(Information)
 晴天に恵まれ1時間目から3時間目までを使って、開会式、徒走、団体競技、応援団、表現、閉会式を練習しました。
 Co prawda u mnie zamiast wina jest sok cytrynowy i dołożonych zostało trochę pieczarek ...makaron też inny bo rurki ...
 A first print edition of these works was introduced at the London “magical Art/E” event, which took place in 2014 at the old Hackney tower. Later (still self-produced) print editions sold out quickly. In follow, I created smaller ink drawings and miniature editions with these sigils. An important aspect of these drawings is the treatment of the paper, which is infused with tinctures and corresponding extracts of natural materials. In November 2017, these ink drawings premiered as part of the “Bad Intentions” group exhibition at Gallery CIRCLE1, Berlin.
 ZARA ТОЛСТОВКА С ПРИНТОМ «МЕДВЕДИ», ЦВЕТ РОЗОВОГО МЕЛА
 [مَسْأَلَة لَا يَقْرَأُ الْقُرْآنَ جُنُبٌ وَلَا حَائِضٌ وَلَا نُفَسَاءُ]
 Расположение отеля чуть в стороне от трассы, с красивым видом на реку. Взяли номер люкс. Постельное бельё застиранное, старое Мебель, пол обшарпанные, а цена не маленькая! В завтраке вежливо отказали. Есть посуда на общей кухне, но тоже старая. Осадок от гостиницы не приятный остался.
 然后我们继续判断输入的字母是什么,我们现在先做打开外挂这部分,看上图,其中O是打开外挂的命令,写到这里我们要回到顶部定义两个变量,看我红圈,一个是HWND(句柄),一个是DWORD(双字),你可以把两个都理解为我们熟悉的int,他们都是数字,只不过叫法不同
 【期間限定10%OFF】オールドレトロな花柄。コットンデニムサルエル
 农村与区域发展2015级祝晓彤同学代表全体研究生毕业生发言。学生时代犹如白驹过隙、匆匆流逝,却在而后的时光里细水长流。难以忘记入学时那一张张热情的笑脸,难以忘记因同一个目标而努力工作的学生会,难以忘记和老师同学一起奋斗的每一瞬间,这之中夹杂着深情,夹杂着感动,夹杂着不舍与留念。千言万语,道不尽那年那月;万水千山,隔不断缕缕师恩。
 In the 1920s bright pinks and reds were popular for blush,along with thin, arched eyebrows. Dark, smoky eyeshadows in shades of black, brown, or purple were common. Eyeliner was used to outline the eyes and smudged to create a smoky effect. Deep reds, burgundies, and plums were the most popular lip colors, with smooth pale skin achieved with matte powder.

(To do)
Every record shown above should appear again in your answer, unchanged.

(Written reply)
 晴天に恵まれ1時間目から3時間目までを使って、開会式、徒走、団体競技、応援団、表現、閉会式を練習しました。
 Co prawda u mnie zamiast wina jest sok cytrynowy i dołożonych zostało trochę pieczarek ...makaron też inny bo rurki ...
 A first print edition of these works was introduced at the London “magical Art/E” event, which took place in 2014 at the old Hackney tower. Later (still self-produced) print editions sold out quickly. In follow, I created smaller ink drawings and miniature editions with these sigils. An important aspect of these drawings is the treatment of the paper, which is infused with tinctures and corresponding extracts of natural materials. In November 2017, these ink drawings premiered as part of the “Bad Intentions” group exhibition at Gallery CIRCLE1, Berlin.
 ZARA ТОЛСТОВКА С ПРИНТОМ «МЕДВЕДИ», ЦВЕТ РОЗОВОГО МЕЛА
 [مَسْأَلَة لَا يَقْرَأُ الْقُرْآنَ جُنُبٌ وَلَا حَائِضٌ وَلَا نُفَسَاءُ]
 Расположение отеля чуть в стороне от трассы, с красивым видом на реку. Взяли номер люкс. Постельное бельё застиранное, старое Мебель, пол обшарпанные, а цена не маленькая! В завтраке вежливо отказали. Есть посуда на общей кухне, но тоже старая. Осадок от гостиницы не приятный остался.
 然后我们继续判断输入的字母是什么,我们现在先做打开外挂这部分,看上图,其中O是打开外挂的命令,写到这里我们要回到顶部定义两个变量,看我红圈,一个是HWND(句柄),一个是DWORD(双字),你可以把两个都理解为我们熟悉的int,他们都是数字,只不过叫法不同
 【期間限定10%OFF】オールドレトロな花柄。コットンデニムサルエル
 农村与区域发展2015级祝晓彤同学代表全体研究生毕业生发言。学生时代犹如白驹过隙、匆匆流逝,却在而后的时光里细水长流。难以忘记入学时那一张张热情的笑脸,难以忘记因同一个目标而努力工作的学生会,难以忘记和老师同学一起奋斗的每一瞬间,这之中夹杂着深情,夹杂着感动,夹杂着不舍与留念。千言万语,道不尽那年那月;万水千山,隔不断缕缕师恩。
 In the 1920s bright pinks and reds were popular for blush,along with thin, arched eyebrows. Dark, smoky eyeshadows in shades of black, brown, or purple were common. Eyeliner was used to outline the eyes and smudged to create a smoky effect. Deep reds, burgundies, and plums were the most popular lip colors, with smooth pale skin achieved with matte powder.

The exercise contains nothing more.